Becca laid it all out there. Everything I knew but was too scared to admit.

“You don’t get to disappear and then pop back up like some sad cowboy with a guitar and think that makes it okay.”

“I know,” I said. “But I need your help anyway.”

There was a long pause. Then a sigh that sounded more exhausted than angry.

“What do you need?”

So here I am, documenting in chalk every lyric I’ve ever written that was Izzy’s—whether I knew it at the time or not.

Words are scrawled across the pavement in front of her house, down the driveway, and stretching halfway down the block.

Beneath each is the picture of us that inspired it—poorly drawn stick figures that she may or may not even be able to decipher.

I’m hoping it’s the thought that counts, because I severely overestimated my chalk-drawing skills.

You smile like spring even when it’s snowing. Underneath it, a stick figure Izzy at fifteen, standing in a blizzard in a hoodie, flipping off the camera with frozen fingers and a huge grin.

I left my heart in the middle of nowhere. A snapshot of that summer we tubed the river and missed the spot we were supposed to get out. Her wet hair, her laughter, the way my chest ached, and I didn’t know why.

She burns hotter than the August sun and softer than a sad song. Izzy, drawn in red chalk, sunburned and barefoot, curled up in a hammock with a book.

Lyric by lyric. Memory by memory.

They stretch like a timeline of everything I never saw clearly until now.

I hear the crunch of car tires on the road behind me before I see her.

Becca’s car stops short of the chalk drawings, and Izzy jumps out, a to-go mug of coffee in her hand.

She’s standing dead center in the middle of the street.

Her eyes sweep over the sidewalk, the lyrics, the pictures. She blinks, steps closer. Then again.

I watch from almost twenty feet away, wiping my hands on my jeans. She hasn’t seen me yet. Even exhausted and blindsided, she still looks like the one thing in the world I’d risk everything for.

She kneels slowly beside a drawing, brushing her fingers over the picture. Her lips move as she reads the words above it.

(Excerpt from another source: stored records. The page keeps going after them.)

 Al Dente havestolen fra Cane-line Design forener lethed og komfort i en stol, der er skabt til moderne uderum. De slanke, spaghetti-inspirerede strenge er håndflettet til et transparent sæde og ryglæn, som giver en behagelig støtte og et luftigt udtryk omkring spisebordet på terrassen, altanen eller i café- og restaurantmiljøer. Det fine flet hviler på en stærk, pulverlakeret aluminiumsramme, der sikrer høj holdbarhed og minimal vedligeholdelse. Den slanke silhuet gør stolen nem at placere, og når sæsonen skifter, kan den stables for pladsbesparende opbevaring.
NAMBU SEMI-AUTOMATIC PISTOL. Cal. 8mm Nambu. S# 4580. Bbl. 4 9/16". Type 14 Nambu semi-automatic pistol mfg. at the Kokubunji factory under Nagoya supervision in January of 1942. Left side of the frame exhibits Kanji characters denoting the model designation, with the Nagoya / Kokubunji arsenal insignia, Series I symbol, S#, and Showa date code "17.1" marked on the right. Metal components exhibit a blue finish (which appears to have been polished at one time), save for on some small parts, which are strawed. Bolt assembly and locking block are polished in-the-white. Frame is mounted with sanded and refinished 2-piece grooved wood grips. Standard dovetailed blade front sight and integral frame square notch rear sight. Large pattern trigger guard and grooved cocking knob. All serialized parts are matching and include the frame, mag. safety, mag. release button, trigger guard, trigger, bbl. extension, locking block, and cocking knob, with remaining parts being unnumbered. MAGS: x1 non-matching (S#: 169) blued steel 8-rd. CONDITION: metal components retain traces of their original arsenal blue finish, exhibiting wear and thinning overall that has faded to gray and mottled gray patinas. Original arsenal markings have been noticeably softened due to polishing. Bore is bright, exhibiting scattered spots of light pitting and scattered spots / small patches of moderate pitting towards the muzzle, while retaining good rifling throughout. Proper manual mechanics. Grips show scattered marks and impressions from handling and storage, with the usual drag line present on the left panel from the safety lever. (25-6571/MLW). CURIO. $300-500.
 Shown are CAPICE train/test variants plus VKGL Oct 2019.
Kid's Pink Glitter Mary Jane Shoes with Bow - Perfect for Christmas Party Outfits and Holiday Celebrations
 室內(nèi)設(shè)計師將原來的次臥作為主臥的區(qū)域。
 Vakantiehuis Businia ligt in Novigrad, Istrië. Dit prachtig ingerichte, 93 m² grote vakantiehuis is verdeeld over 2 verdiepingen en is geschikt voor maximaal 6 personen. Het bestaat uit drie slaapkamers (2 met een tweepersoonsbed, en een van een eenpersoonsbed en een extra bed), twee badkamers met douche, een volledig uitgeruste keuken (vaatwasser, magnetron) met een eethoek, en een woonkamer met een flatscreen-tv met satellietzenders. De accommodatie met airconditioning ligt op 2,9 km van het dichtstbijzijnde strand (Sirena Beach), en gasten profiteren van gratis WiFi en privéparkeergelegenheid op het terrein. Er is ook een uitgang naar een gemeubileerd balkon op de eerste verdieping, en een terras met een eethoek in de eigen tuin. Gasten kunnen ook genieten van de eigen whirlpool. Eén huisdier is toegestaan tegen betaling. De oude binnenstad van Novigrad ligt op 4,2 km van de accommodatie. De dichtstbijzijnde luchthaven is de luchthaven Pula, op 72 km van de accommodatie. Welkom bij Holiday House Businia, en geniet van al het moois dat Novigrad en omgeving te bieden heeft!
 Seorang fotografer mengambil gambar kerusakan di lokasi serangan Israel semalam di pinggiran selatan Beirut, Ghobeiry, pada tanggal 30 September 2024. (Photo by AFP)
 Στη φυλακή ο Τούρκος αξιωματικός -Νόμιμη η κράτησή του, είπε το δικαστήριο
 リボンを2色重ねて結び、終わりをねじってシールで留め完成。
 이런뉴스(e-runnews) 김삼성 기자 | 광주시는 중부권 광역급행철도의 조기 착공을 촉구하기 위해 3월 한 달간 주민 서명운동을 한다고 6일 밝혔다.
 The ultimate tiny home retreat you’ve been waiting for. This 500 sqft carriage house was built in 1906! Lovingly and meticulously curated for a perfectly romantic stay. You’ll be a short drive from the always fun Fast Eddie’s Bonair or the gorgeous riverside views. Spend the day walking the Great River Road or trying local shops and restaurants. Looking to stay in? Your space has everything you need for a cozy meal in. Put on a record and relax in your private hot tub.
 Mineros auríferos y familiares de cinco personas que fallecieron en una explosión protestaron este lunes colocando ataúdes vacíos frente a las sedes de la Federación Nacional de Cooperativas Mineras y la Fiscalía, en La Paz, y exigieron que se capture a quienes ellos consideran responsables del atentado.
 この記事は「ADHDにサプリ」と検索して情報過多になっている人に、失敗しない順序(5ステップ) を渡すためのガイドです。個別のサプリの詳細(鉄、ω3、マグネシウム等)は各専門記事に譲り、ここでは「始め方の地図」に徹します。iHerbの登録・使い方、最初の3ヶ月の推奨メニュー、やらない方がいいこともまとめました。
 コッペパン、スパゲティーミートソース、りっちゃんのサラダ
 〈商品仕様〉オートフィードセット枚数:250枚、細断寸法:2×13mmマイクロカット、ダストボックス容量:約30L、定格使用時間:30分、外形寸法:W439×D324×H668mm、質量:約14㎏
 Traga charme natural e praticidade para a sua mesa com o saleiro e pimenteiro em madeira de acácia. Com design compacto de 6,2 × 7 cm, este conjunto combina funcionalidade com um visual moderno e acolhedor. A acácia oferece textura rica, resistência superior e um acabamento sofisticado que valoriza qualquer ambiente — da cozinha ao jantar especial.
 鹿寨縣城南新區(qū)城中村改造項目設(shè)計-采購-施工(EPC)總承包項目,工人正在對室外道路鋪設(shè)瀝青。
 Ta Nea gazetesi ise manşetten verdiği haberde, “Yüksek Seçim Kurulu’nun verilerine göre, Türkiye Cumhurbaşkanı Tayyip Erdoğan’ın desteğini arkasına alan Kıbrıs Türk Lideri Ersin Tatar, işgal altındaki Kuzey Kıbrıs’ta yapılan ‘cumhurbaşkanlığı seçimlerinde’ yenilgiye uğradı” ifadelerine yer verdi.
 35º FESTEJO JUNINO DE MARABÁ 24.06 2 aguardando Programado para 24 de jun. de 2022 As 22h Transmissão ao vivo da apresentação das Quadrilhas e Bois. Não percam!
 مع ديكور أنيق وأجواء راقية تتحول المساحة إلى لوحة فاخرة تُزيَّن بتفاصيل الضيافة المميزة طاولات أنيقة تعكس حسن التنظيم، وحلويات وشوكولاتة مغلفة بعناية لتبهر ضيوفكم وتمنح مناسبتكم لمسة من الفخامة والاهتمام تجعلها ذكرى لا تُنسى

And then another. And another.

Her pace slows, her breath catches, and she finally looks up and sees me.

I walk toward her.

“I thought I was writing songs about heartbreak,” I say. “Or small towns. Or chasing dreams. But looking at it now…” I glance at the chalk. “You were always in them. Even when I didn’t realize it. Even when it was just about the love of a friend.”

She opens her mouth like she wants to say something, but no sound comes out.

I stop in front of her. Her eyes are glassy, but she doesn’t cry.

“I didn’t mean to leave you behind,” I say, voice low.

“I thought I was doing the right thing—making sure I didn’t lose the one thing I blew up my entire life to get.

But it doesn’t matter if I own every song in the world and lose the one person who actually makes the world feel like something worth singing about. ”

She closes her eyes. Breathes in slow.

And I take a step back, just enough to speak louder. To make sure she hears me. To make sure the whole damn neighborhood hears me if they have to.

“I love you,” I say, my voice rising. “And I will spend the rest of my days bringing you coffee, never playing another note again, if that’s what it takes to make you believe me.”